他の『日本書紀』関連本とは違った視点での記述が多く、『日本書紀』に関してあらゆる面から考えることができます。
(例えば、世界に誇れるグローバル歴史書として『日本書紀』を捉えたり、現在の祝日と『日本書紀』の関連性に言及したり、東京オリンピックでの『日本書紀』の扱い方などなど。)

日本書紀について

奈良時代に成立した日本最古の歴史書。
正史である六国史の第一にあたる。
舎人親王らの撰で、養老四年(七二〇年)に完成。
神代から第四十一代・持統天皇の時代まで取り上げ、漢文・編年体にて記述される。
全三十巻。系図一巻が付随したが散逸。

『日本書紀』に書かれている内容については(神話の部分もありますし)事実か否か意見は分かれるところですが、本書によれば大事なのは『日本書紀』の内容を信じてきた人々が日本という国を作り上げてきた!ということなのだそうです。
日本は建国から王朝が交代していない世界唯一の国です。
世界各国に国史というものが公式文書として存在しますが、交代した王朝が前王朝のことを悪く貶めた記述を書いたり、逆に自分たちを賞賛するような記述を書いたりすることもあるそうです。
しかし日本は王朝の交代がないので、貶めたり賞賛する必要はなく、良いことも(文章には残したくないような)恥ずかしいことも、悪いことも素直に書かれているのだとか。
『日本書紀』が編纂された奈良時代から更に古い時代の記述に関しても、様々な記録を「一書曰(あるふみいわく)」と並列して載せることで、公式文書としての価値を高めています。(これは『古事記』にはないことです)
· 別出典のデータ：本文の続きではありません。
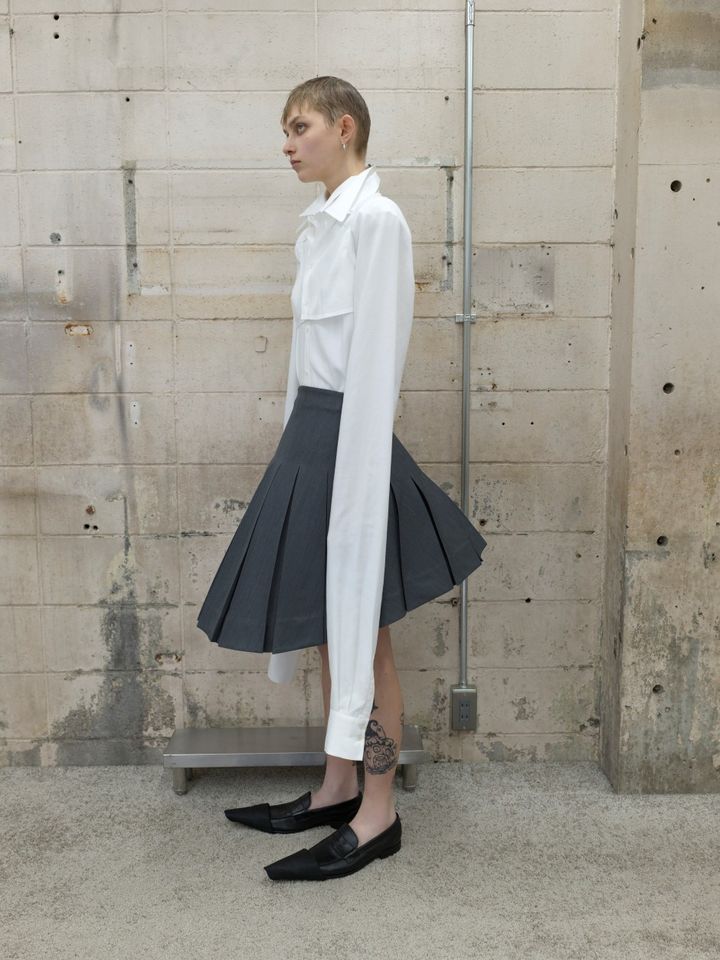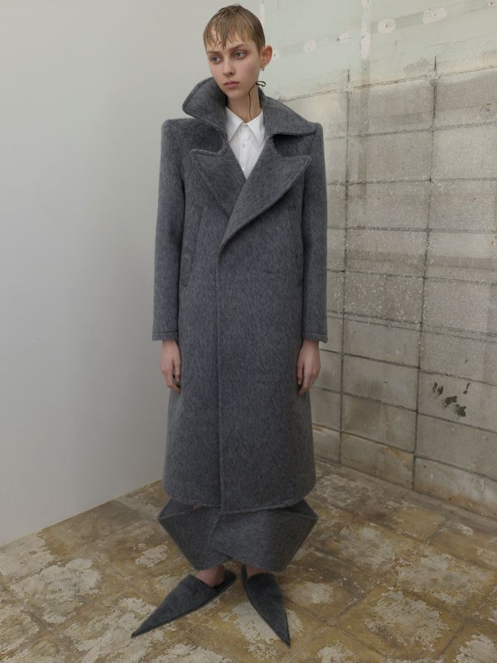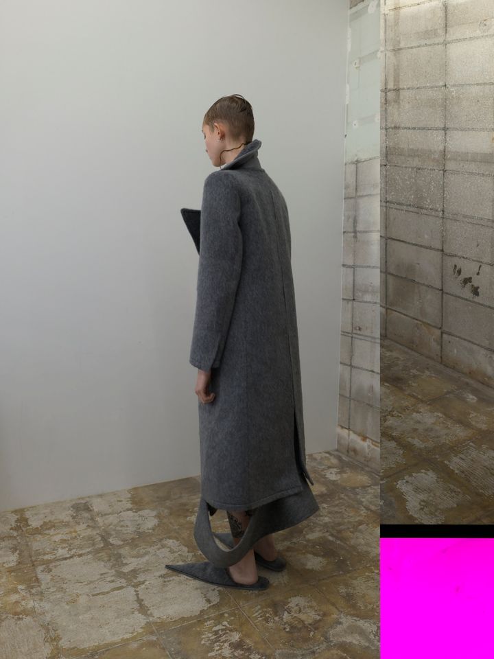 初めての制作となるロングコートは、スクエアショルダーやカッティングを配置した裾によって、予測不可能な動きを表現。

戦後教育で『古事記』や『日本書紀』は教育現場から遠ざけられた印象がありますが、来年の『日本書紀』編纂1300年を良い契機として、日本人の歴史感・宗教観、更には2000年以上も連綿と続いてきた私たち日本人とは一体どんな存在なのか?を改めて考える為にも、『古事記』『日本書紀』について学ぶ必要性を感じた一冊です。